Kitchen, who works in the Pride Center at Lehigh University, tried to set up a program at her parish in Center Valley four years ago, but her appeals were rejected three times in six months.

She didn’t quit. She set up a table at “Pride in the Park,” Allentown’s annual LGBTQ celebration.

“I put a sign up,” she said. “People were like ‘Catholic? LGBTQ? What?’ But some people signed up. My philosophy was ‘If you build it, maybe they will come.’ If we can’t get parishes to work with us, we’ll do it ourselves.”

Kitchen finally found a home for the ministry at the St. Francis Center for Renewal in Hanover Township, Northampton County, which is run by the School Sisters of St. Francis.

“It was important to me to find some kind of (church-related) facilities as an affirmation to folks that they were loved and wanted,” she said. “The day I called they said, ‘Absolutely you can do this here.’”

In-person monthly meetings at St. Francis ended with the pandemic, but virtual meetings continue, drawing about a half-dozen participants on average. Kitchen believes that number would grow if she were allowed to spread the word about it within parishes, perhaps with notices in church bulletins.

Like Maher, Kitchen regards the “Courage” program to be deeply flawed, not much different than the conversion therapy that seeks to “cure” same-sex attraction.

“I understand where the church is coming from where celibacy is concerned, but we don’t ask people who they’re sleeping with,” she said. “You don’t ask anybody who walks into any ministry what they’re doing (sexually). I don’t know the answer to getting people back into the pews. I do know that unless you’re out in the community and meeting people where they are in everyday life, you’re sunk.”

In Maher, Kitchen has found a kindred spirit, someone who sees LGBTQ issues as part and parcel of the social justice movement that includes Black Lives Matter and other groups.

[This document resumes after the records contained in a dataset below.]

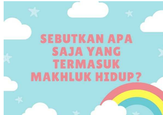
Gambar 3. Isi Materi
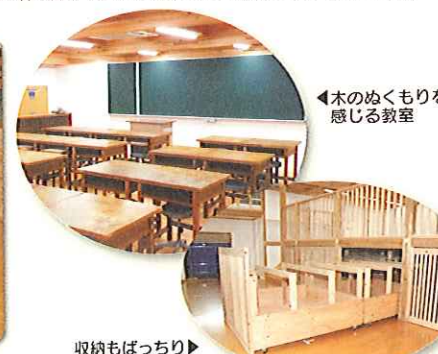
◀木のぬくもりを感じる教室
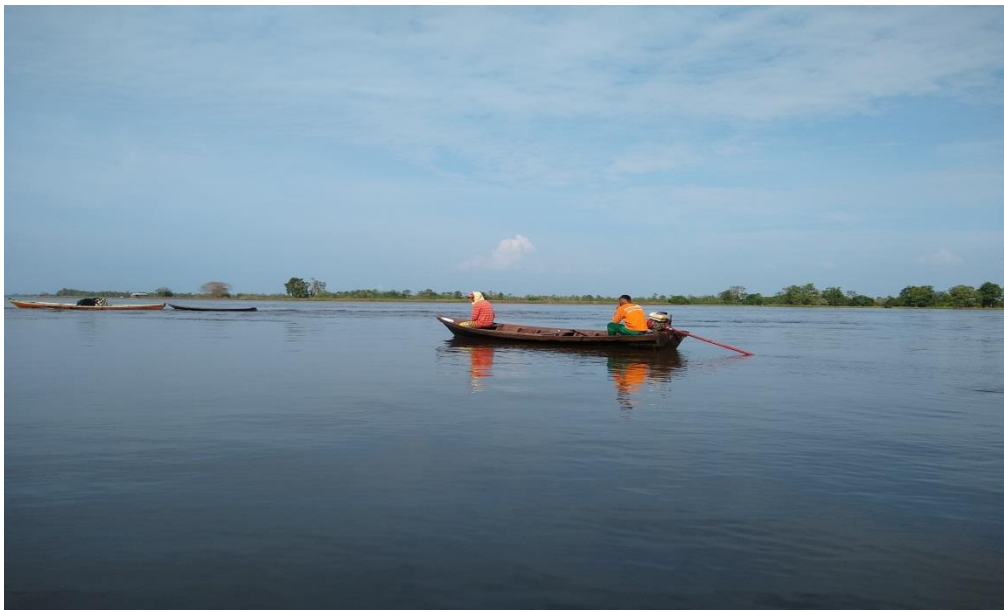
Figura 12: Pesca no lago Fonte: Trabalho de campo, 2019. (Foto: Daniela Canto).

Outra prática importante para comunidade nossa Senhora de Nazaré é a pesca , que envolve gerações: netos, filhos, avós, compartilhando saberes tradicionais. O Lago Zé Açu compõe subjetividades unidas a crenças, lendas e significados que dão sentido para a existência da comunidade. O Lago também é a rua dos ribeirinhos, pois os rios os levam-nos e os trazem para onde querem ir.
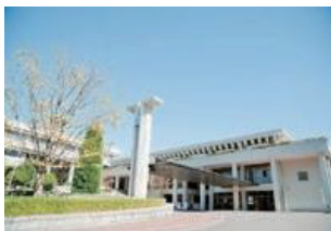
東生駒キャンパス
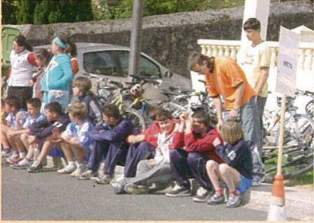
Descansando despois do esforzo.
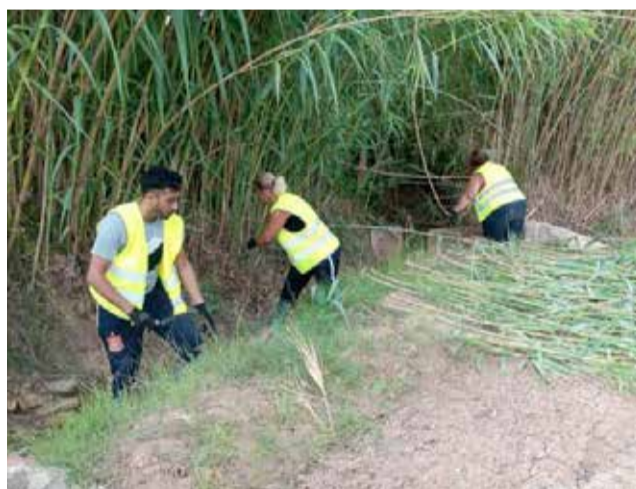
Varias personas desbrozando en Massalavés.

Se trata de un plan que refuerza las labores que se realizan habitualmente en la locali-
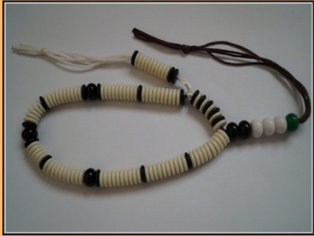
Raşidi Tarikatı Rondelle Tesbih Modelleri
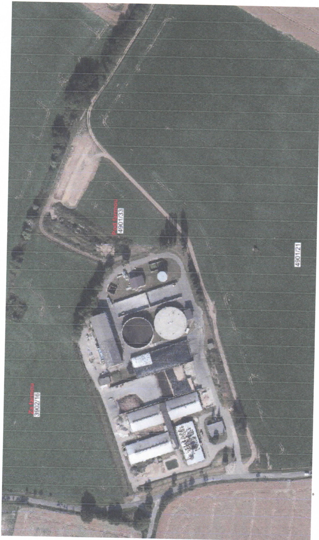
Pole Pod farmou 0,68 ha – u bioplynové stanice
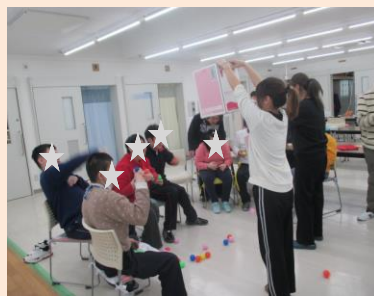
※ボールを入れられないように箱を持って動く職員VS うまく狙ってボールを入れる利用者さんたち！！

“You start down this road of social justice and it becomes social justice for everything,” she said, “not just LGBTQ issues. They are all tied together because we are not a single-issue people.”

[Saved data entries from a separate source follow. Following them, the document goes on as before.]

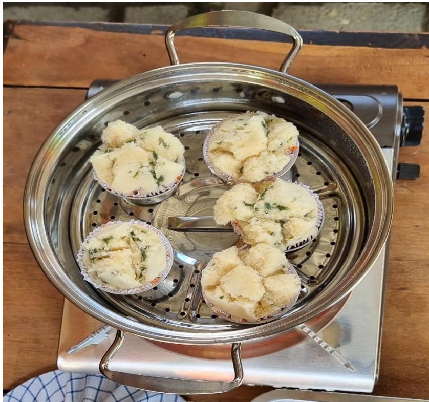
Gambar 2 (a) Hasil Praktik Pembuatan Bolu Kukus Bayam sebagai PMT

Berdasarkan hasil pelaksanaan kegiatan bahwa kegiatan pelatihan pada kader posyandu berhasil memberikan pengetahuan tentang membuat kudapan sehat bergizi sebagai Makanan Tambahan balita dengan menggunakan bahan tambahan berupa sayur. Keberhasilan kegiatan pengabdian dapat dilihat berdasarkan beberapa indikator berikut, yaitu:
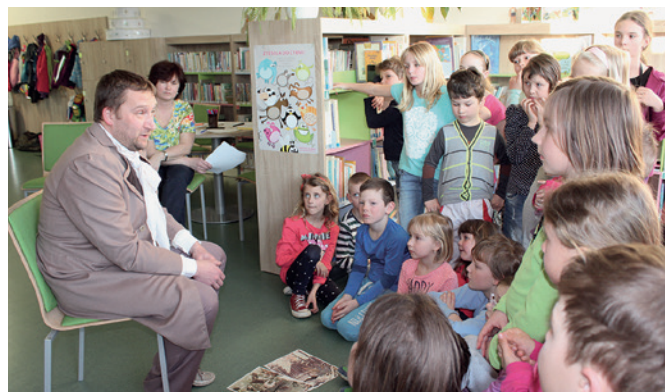
Rozhovor s panem Andersenem

Proto si děti si nejprve povídaly o Dánsku, o jeho známých městech a osobnostech, ochutnaly drømmekage – snový dort a přivítaly milou návštěvu v podobě samotného pana Hanse Christiana Andersena. Ptaly se ho na spoustu zajímavých otázek a dostaly ještě zajímavější odpovědi. Jako proč neměl rád své jméno, s čím si jako kluk hrál a proč psal tak smutné pohádky.
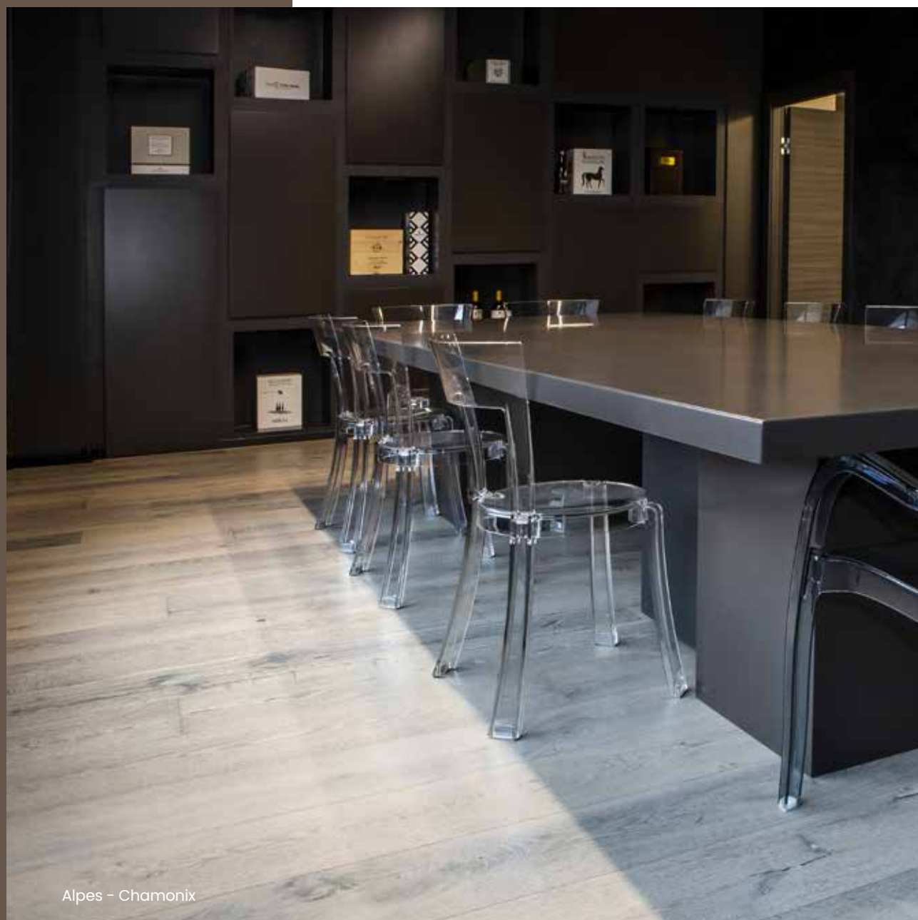
Alpes - Chamonix
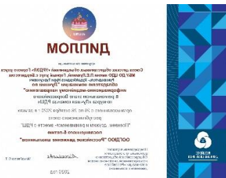
Лучшая ДОО РДШ в номинации Информационно-медийная 2020

Maher, she added, “has the capacity to engage. He has a wonderful heart and he looks for the good in everyone. Donald should be applauded.”

Steidl, the theologian, whose forthcoming book on LGBTQ ministry includes a chapter on Maher, called the soft-spoken lawyer “relentless.”

“He’s a man of ideals, of values,” Steidl said. “I think the (St. Paul’s) ministry was a fruit of his faith, a very deep Catholic faith. For about 10 years it was one of the most active gay and lesbian ministries in the U.S. He pushed and pushed and did really incredible things while he was there.”

Maher has no plans to stop. He said he will never lack energy for the work he is doing, because he believes it is inspired by the Holy Spirit.

“I’m not going anywhere,” he said. “I’m in this for the long game.”